— Притомился в пути, — ответил Изот.
— Вот-вот. Садись! Места хватит. Да и нам не скушно будет ехать. — Мужичок приветливо глядел на Изота.
— Благодарствую на добром слове, — ответил Изот, радуясь в душе такому везению.
— Потом поблагодаришь, когда довезём, — расхохотался мужичок. — А то дело ещё не сделано, а ты уже в ноги кланяешься…
Он остановил лошадь, и Изот сел на душистое сено, в избытке постеленное в сани, рядом с молодухой.
— Садись, — звонко рассмеялась она, отодвигаясь чуть в сторону. — Место я тебе нагрела.
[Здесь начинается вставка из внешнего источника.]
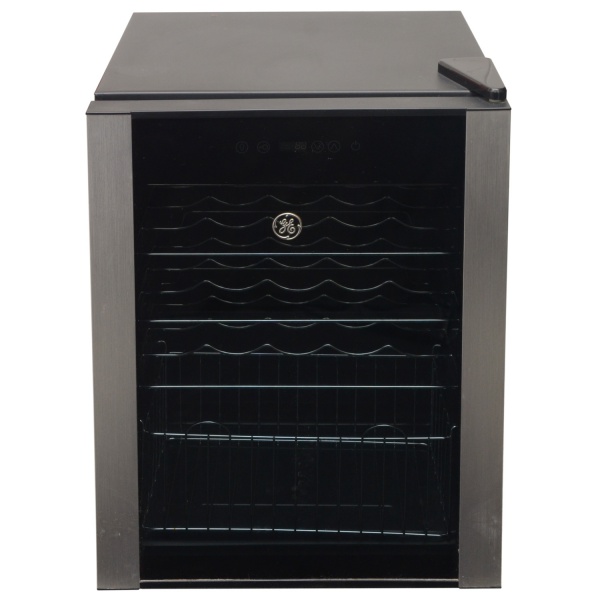 • Adega climatizada para vinhos da marca G&, na cor preta e porta de vidro.
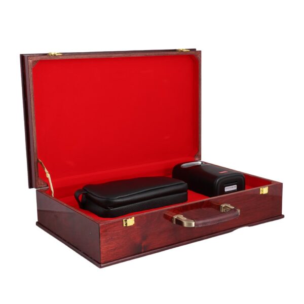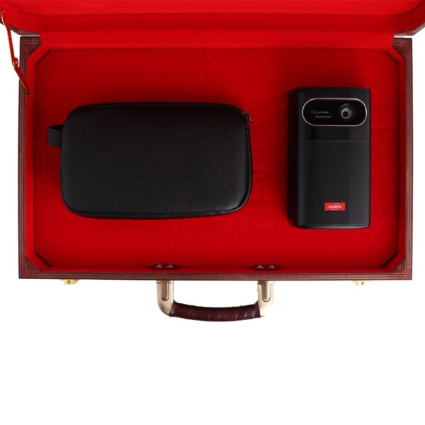 تمامی اقلام در یک جعبه نفیس و  لوکس با روکش چرمی و تکنیک‌های برندینگ شکیل (مانند حکاکی لیزری لوگو روی پروژکتور و داغکوب روی چرم) بسته‌بندی می‌شوند تا حس یک محصول تکنولوژیک و لوکس را به طور همزمان القا کنند.
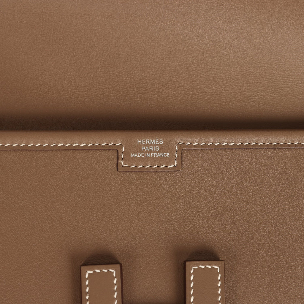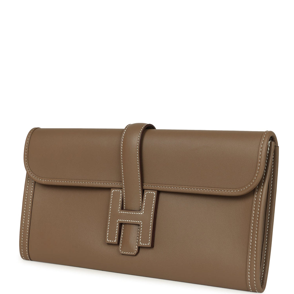 Hermes Jige Elan 29 Etoupe Swift Shop for an authentic Hermes Jige Elan Clutch in Etoupe swift leather in never worn condition at Madison Avenue Couture.

— Спаси вас Бог, — проронил Изот
— Закутывай, дядя, ноги в тулуп, — продолжала молодуха, — а то неровен час, сидя на месте, на ветру, застудишься. — Она осмотрела его когда-то добротные, но приходившие в негодность, сапоги, сшитые из толстой кожи. Они дышали на ладан, подошва истёрлась от долгой носки и совсем истончилась.
Изот с благодарностью посмотрел на сердобольную соседку и закрыл ноги овчинным тулупом.
— Но, милая-а-а, — протяжно крикнул мужичок и дёрнул вожжи. Лошадка весело побежала по дороге.
Небо прояснивалось. Тяжёлые низкие облака отодвинулись за горизонт, и на небосклоне весело заискрилось солнце. И всё вокруг оживилось: и недальний оснеженный лес, и заметённые болотины с торчащими верхушками рогоза, кипрея и тонкими ветками ивняка, и сам большак, синевато поблескивавший накатанными местами в тени снежных заносов.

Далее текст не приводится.